Et je crois que je me souviens encore du nom de quelques-uns de vos confrères que je n’ai pas connus, que je n’ai pas lus, je vous l’avoue, mais dont mes parents répétaient les noms. Est-ce que je les invente ?

C’était Amoroso Lima, Afranio Peixoto, ou Osório de Almeida. Peut-être est-ce que je les invente, peut-être est-ce que je crois que c’étaient vos confrères et les nôtres, à cette époque-là. Mais je voudrais parler, quelques instants, de deux catégories de gens que j’ai beaucoup aimés. Les uns, ce sont les Français au Brésil, les autres ce sont les Brésiliens en France.

Les Français au Brésil : les noms sont assez éclatants. Je voudrais dire un mot, peut-être, de Paul Claudel. Paul Claudel, non seulement représentait la France à Rio, et vous trouverez des traces innombrables de Rio de Janeiro, de sa musique, de son carnaval dans Le Soulier de satin. Mais il était flanqué – comme si ce n’était pas suffisant d’avoir Claudel, – d’un grand musicien qui était Darius Milhaud. Et vous savez que parmi les œuvres de Darius Milhaud, le Brésil tient une place considérable. L’une de ses pièces les plus célèbres s’appelle Saudades do Brasil.
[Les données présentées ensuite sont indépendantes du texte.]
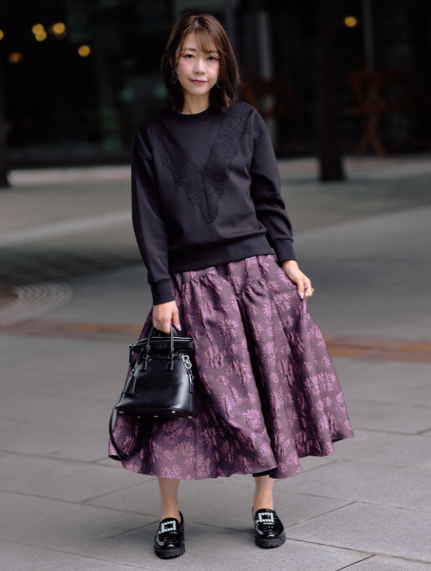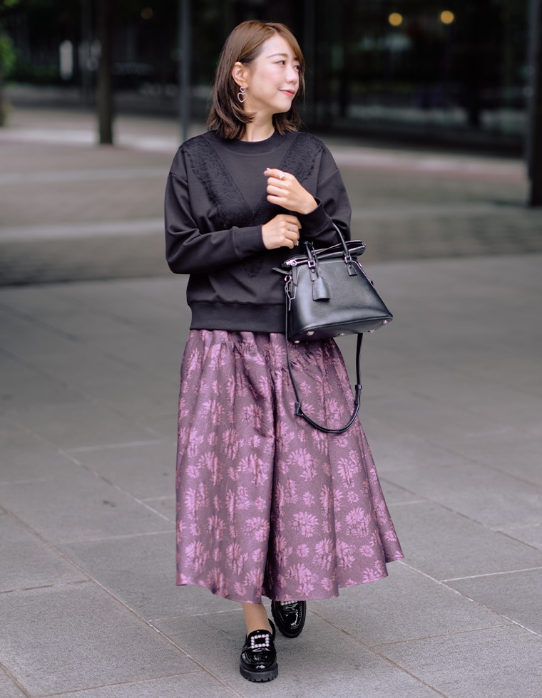 黒の陰影が品のある表情を作ります。動きやすさと上品さを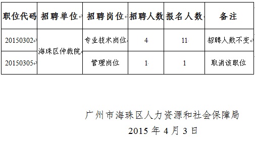 現將2015年海珠區勞動人事爭議仲裁院公開招聘事業編制工作人員部分崗位報名人數達不到開考比例作相應調整的通知如下: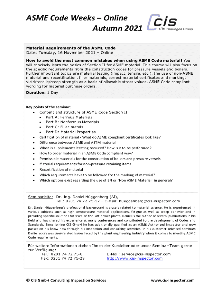 Get the free www.cis-inspector.comdownloadsSeminareRegistration Services ASME Code Essentials ASM...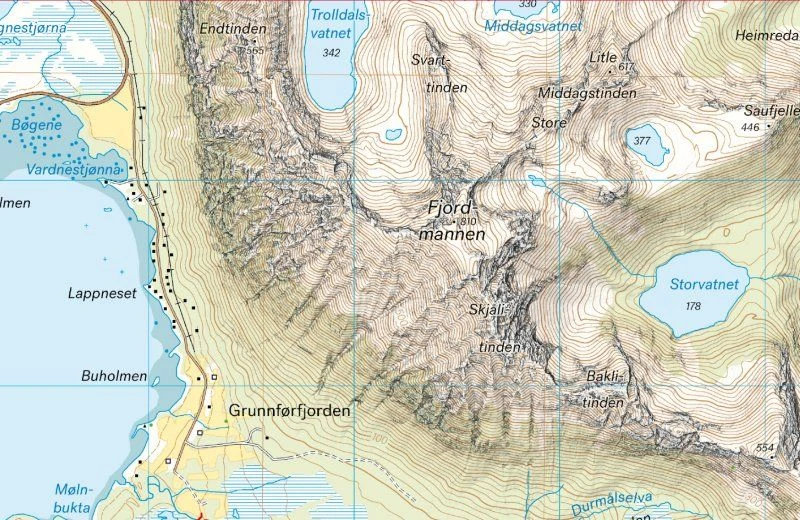 Größere enthaltene Orte, Berge, Punkte: Fiskebol, Austvagoya, Laukvika, Higravtindan, Digermulen, Ulvagen, Helle, Brettesnes, Litlmolla, Skrova, Kabelvag, Orsvag, Henningsvaer, Svolvaer, Sandsletta, Brenna, Laupstad, Higravtindan

Les Brésiliens en France : c’est encore une légende. Je pense que je ne peux pas ne pas prononcer le nom de quelqu’un que j’ai à peine connu, et dont seulement les plus âgés ici connaissent encore le nom. C’était l’ambassadeur Souza Rotas. L’ambassadeur Souza Rotas, était non seulement le plus célèbre des Brésiliens de Paris, mais aussi le plus célèbre des Parisiens de Paris. C’était un de ces hommes qui représentaient tout ce qu’on pouvait imaginer, tout ce qui restait encore de cette Belle Époque qui se prolonge peut-être jusqu’à la Guerre.

 

Le deuxième personnage est quelqu’un que j’ai beaucoup aimé et beaucoup admiré, qui s’appelait Paulo Peredo Carneiro, et qui était un des orateurs les plus merveilleux que j’ai jamais connus. On allait à l’UNESCO, non pas pour entendre parler de tel ou tel problème, mais uniquement pour écouter Paulo Peredo Carneiro, qui était aussi l’image même de la France et du Brésil. Il était comme vous le savez un des représentants du comtisme, qui est si important, puisque la formule « Orden e Progresso » figure dans les armes du Brésil. Et quand il a quitté son ambassade, il a été remplacé par un autre personnage qui était membre de votre Académie, que j’ai beaucoup aimé, beaucoup admiré également, qui s’appelait Carlos Chagas. Je crois que la fille de Carlos Chagas à qui j’envoie mon salut respectueux, est ici avec nous dans cette salle.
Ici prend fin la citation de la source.